**Work item**. This exercise calls for all the entries that follow to be set down exactly, without their images.

++++ Material to process

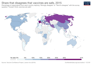- ^ Larson HJ, de Figueiredo A, Xiahong Z, Schulz WS, Verger P, Johnston IG, Cook AR, Jones NS (October 2016). "The State of Vaccine Confidence 2016: Global Insights Through a 67-Country Survey". EBioMedicine. 12: 295–301. doi:10.1016/j.ebiom.2016.08.042. PMC 5078590. PMID 27658738.
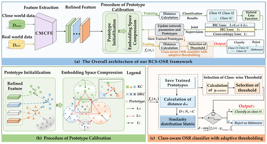 The overall architecture of our proposed RCS-OSR is illustrated in Figure 3a. In the training process, known classes from are first fed into the CMCFE module, from which refined features with enhanced discriminability can be extracted. The CMCFE module consists of a multi-scale abstract features aggregation branch and an auxiliary features injection branch, which will be introduced in detail in Section 3.2. Upon initializing the prototypes, we formulate a hybrid loss function to jointly supervise model training and calibrate the prototypes by optimizing the embedding space. This hybrid loss function comprises three components: RIC loss, IRC loss, and cross-entropy loss, with the RIC loss being a combination of and . Figure 3b elucidates the principles of RIC loss and IRC loss in the prototype calibration procedure. By attracting samples to their corresponding prototypes and penalizing the distances between prototypes of different classes, the RCS-OSR method achieves reinforced class separability, thereby enhancing classification performance. Upon completion of the training, the prototypes associated with each category are saved.
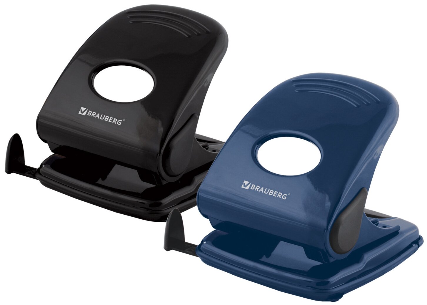 Дырокол металлический BRAUBERG Style, до 40 листов, ассорти (синий/черный), 220947
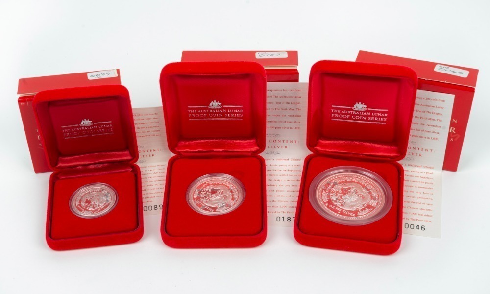 2000 YEAR OF THE DRAGON: AUSTRALIAN LUNAR SILVER COIN PROOF SERIES of three coins, comprising of the $2 (2oz), the $1 (1oz) and the 50c (½oz), all depicting a dragon gazing at a pearl; each in their
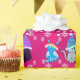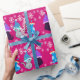 Diese Kitty Katze hat ein rosa Wickelpapier, das von der Künstlerin Amanda DeShane entworfen wurde.
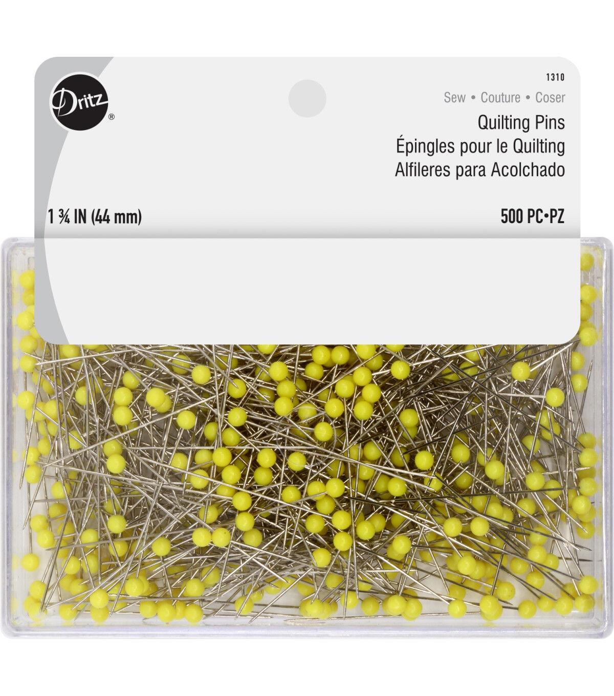 Use the Dritz Quilting Pins - Yellow & Silver for basting quilt layers together. These yellow-head pins are ideal for use with multiple layers of fabric, fabrics with loose weaves, synthetic fur, plush velvets and bulky fabrics. This pack includes five hundred 44-mm nickel-plated pins.
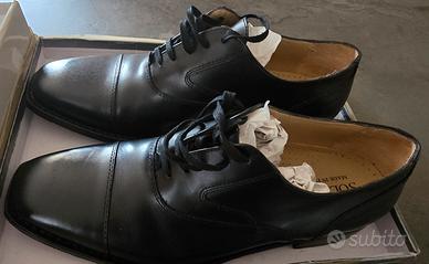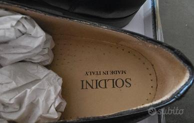 Vendo scarpe modello Oxford della Soldini. misura 45. In pregiata pelle colore nero. Suola antiscivolo. Scarpe da cerimonia indossate UNA sola volta. Scatolo originale non disponibile. Vendo per fare spazio in ripostiglio.
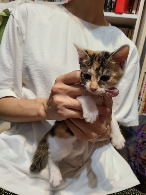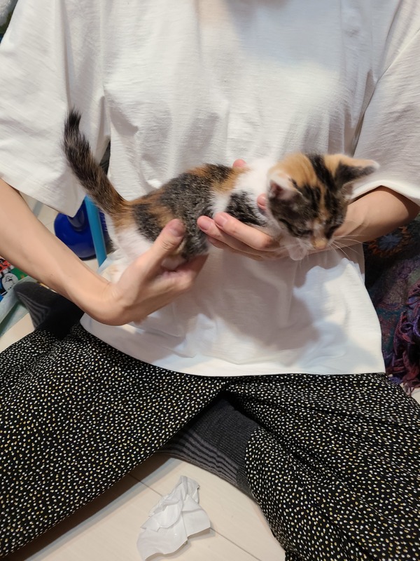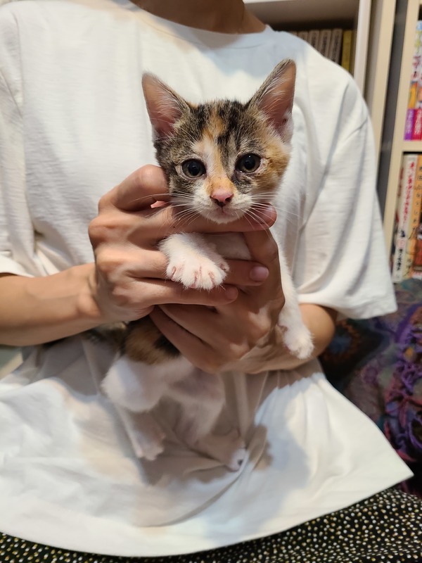 | 特徴(性格など) | 三毛猫子猫ちゃん、生後1ヶ月半くらいです! 今回この子と一緒に生まれたキジシロボーイも里親さん募集します! 2匹一緒にでもいいですし、ご家庭の事情に合わせてこの子だけでも構いません。 野良ちゃんママが産んだ5匹兄妹のうちの1匹でして、今は預かりボランティアさんの所にて兄妹一緒に生活しています。 子猫ですので、とにかく遊びたい!食べたい!ネンネしたい!と分かりやすい(笑)可愛いく愛おしい子です!! |
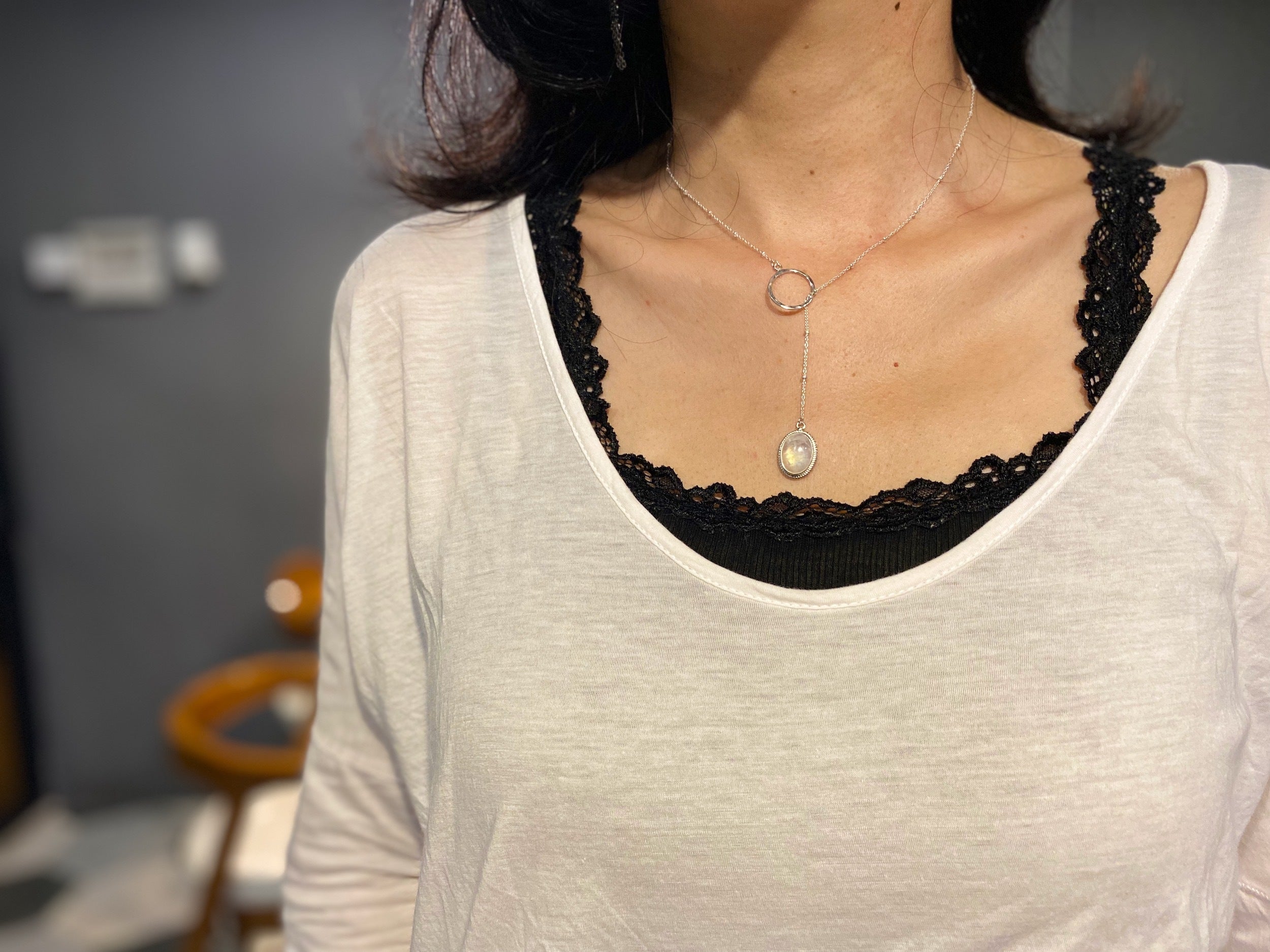 ほんのり虹色に光るムーンストーンがとても素敵なネックレスです。

++++++++

**Response area**.
- ^ Larson HJ, de Figueiredo A, Xiahong Z, Schulz WS, Verger P, Johnston IG, Cook AR, Jones NS (October 2016). "The State of Vaccine Confidence 2016: Global Insights Through a 67-Country Survey". EBioMedicine. 12: 295–301. doi:10.1016/j.ebiom.2016.08.042. PMC 5078590. PMID 27658738.
 The overall architecture of our proposed RCS-OSR is illustrated in Figure 3a. In the training process, known classes from are first fed into the CMCFE module, from which refined features with enhanced discriminability can be extracted. The CMCFE module consists of a multi-scale abstract features aggregation branch and an auxiliary features injection branch, which will be introduced in detail in Section 3.2. Upon initializing the prototypes, we formulate a hybrid loss function to jointly supervise model training and calibrate the prototypes by optimizing the embedding space. This hybrid loss function comprises three components: RIC loss, IRC loss, and cross-entropy loss, with the RIC loss being a combination of and . Figure 3b elucidates the principles of RIC loss and IRC loss in the prototype calibration procedure. By attracting samples to their corresponding prototypes and penalizing the distances between prototypes of different classes, the RCS-OSR method achieves reinforced class separability, thereby enhancing classification performance. Upon completion of the training, the prototypes associated with each category are saved.
 Дырокол металлический BRAUBERG Style, до 40 листов, ассорти (синий/черный), 220947
 2000 YEAR OF THE DRAGON: AUSTRALIAN LUNAR SILVER COIN PROOF SERIES of three coins, comprising of the $2 (2oz), the $1 (1oz) and the 50c (½oz), all depicting a dragon gazing at a pearl; each in their
 Diese Kitty Katze hat ein rosa Wickelpapier, das von der Künstlerin Amanda DeShane entworfen wurde.
 Use the Dritz Quilting Pins - Yellow & Silver for basting quilt layers together. These yellow-head pins are ideal for use with multiple layers of fabric, fabrics with loose weaves, synthetic fur, plush velvets and bulky fabrics. This pack includes five hundred 44-mm nickel-plated pins.
 Vendo scarpe modello Oxford della Soldini. misura 45. In pregiata pelle colore nero. Suola antiscivolo. Scarpe da cerimonia indossate UNA sola volta. Scatolo originale non disponibile. Vendo per fare spazio in ripostiglio.
 | 特徴(性格など) | 三毛猫子猫ちゃん、生後1ヶ月半くらいです! 今回この子と一緒に生まれたキジシロボーイも里親さん募集します! 2匹一緒にでもいいですし、ご家庭の事情に合わせてこの子だけでも構いません。 野良ちゃんママが産んだ5匹兄妹のうちの1匹でして、今は預かりボランティアさんの所にて兄妹一緒に生活しています。 子猫ですので、とにかく遊びたい!食べたい!ネンネしたい!と分かりやすい(笑)可愛いく愛おしい子です!! |
 ほんのり虹色に光るムーンストーンがとても素敵なネックレスです。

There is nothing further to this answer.